I took some rainy Sunday afternoon time to have a closer look at LibBF as alternative for LibGMP. Summarizing the potential benefits:
- Cleaner embedding interface can simplify and speedup the binding to Prolog
- Uniform data representation for big integers, floats and decimal floats means we need to do the tricky work for converting the data structures to/from Prolog only once.
- Provides arbitrary precision as well as decimal floats.
- Claims correct rounding with many stateless rounding modes.
- Small
- Simple plain C code
- MIT license. Together with small, this means there is no reason anymore to make bignum support a build-time option.
- Written by Fabrice Bellard. Find his name, he has quite a track record
There are also some problems
- Not as widespread as libGMP. That may imply maintenance problems. On the other hand, the code is plain C and C as well as math principles are a rock solid basis.
- Lacks quite a few functions, notably rationals.
- Slower than LibGMP.
I wanted to understand the options, so I’ve written a partial LibGMP emulation using LibBF. You can find that in a branch libbf
of swipl-devel.git.
So far, the status is:
- Identified the 92 functions we use from LibGMP and put them in
bf_gmp.h
- Implemented 52 of them. Except for 3, all are short inline functions
- Implemented exchange to the Prolog stacks and recorded database (used for toplevel variable reuse).
The basic big integer (+,-,*,/,^) stuff runs. Whenever you touch a function that is not implemented it will tell you (and often crash). Findings:
- Full emulation seems not very hard. Quite a few of the 40 remaining functions are simple one-liners, some require some work. I wouldn’t expect completing the emulation to take more than a week.
- Performance of ^ is poor. Seems it is using the general approach for floats here (LibBF is primarily a floating point library). Seems there are integer related functions in the non-public part of the library. Otherwise it is not too hard to write.
- LibBF only stores the bits between lsb and msb. That means it can deal more efficiently with bitmaps than LibGMP. It lacks most functions to do so, but these are easy to implement.
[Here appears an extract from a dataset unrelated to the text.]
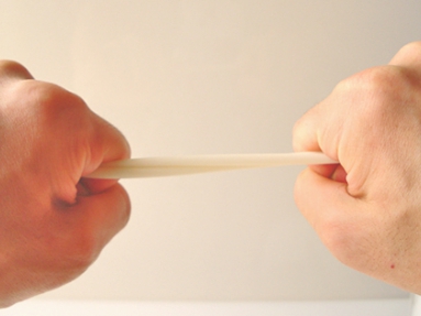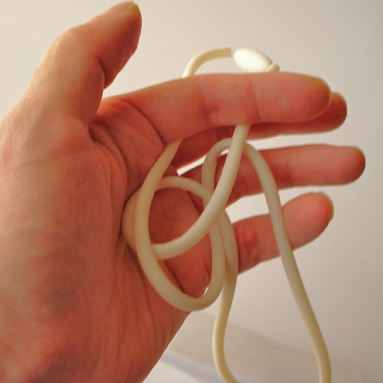 安全パーツで連結しています。伸縮性があり、シリコーンゴムと二重構造なので、急な戻りは無く安全です。

- Performance of basic bigint +,-,*,/ is about twice as slow as LibGMP. As the core distribution indicates, one can gain about 40% on Intel/AMD using some platform dependent optimization flags. If we could leverage the better API we are likely to win on bigints of just a few limbs.
A possible line to continue is
- Complete the emulation. This would setup the system to (probably by default) use LibBF and as a build option use LibGMP. The result would be somewhat slower, but actually realizing permissive licensing for the complete system. Right now, anyone who cannot handle the LGPL license need to drop big integers.
- Abstract several of the operations we need and implement them independently on LibGMP and LibBF to based them on the optimal combination of primitives.
- Abstract the interface such that we can actually profit from LibBF’s better embedding interface. As we are now emulating LibGMP’s
void
functions, use a complicated setjpm/longjmp and allocation wrapper we cannot profit.
After that we could consider if/how to support arbitrary precision and/or decimal floats.
Comments? Volunteers? Commercial support to make this happen?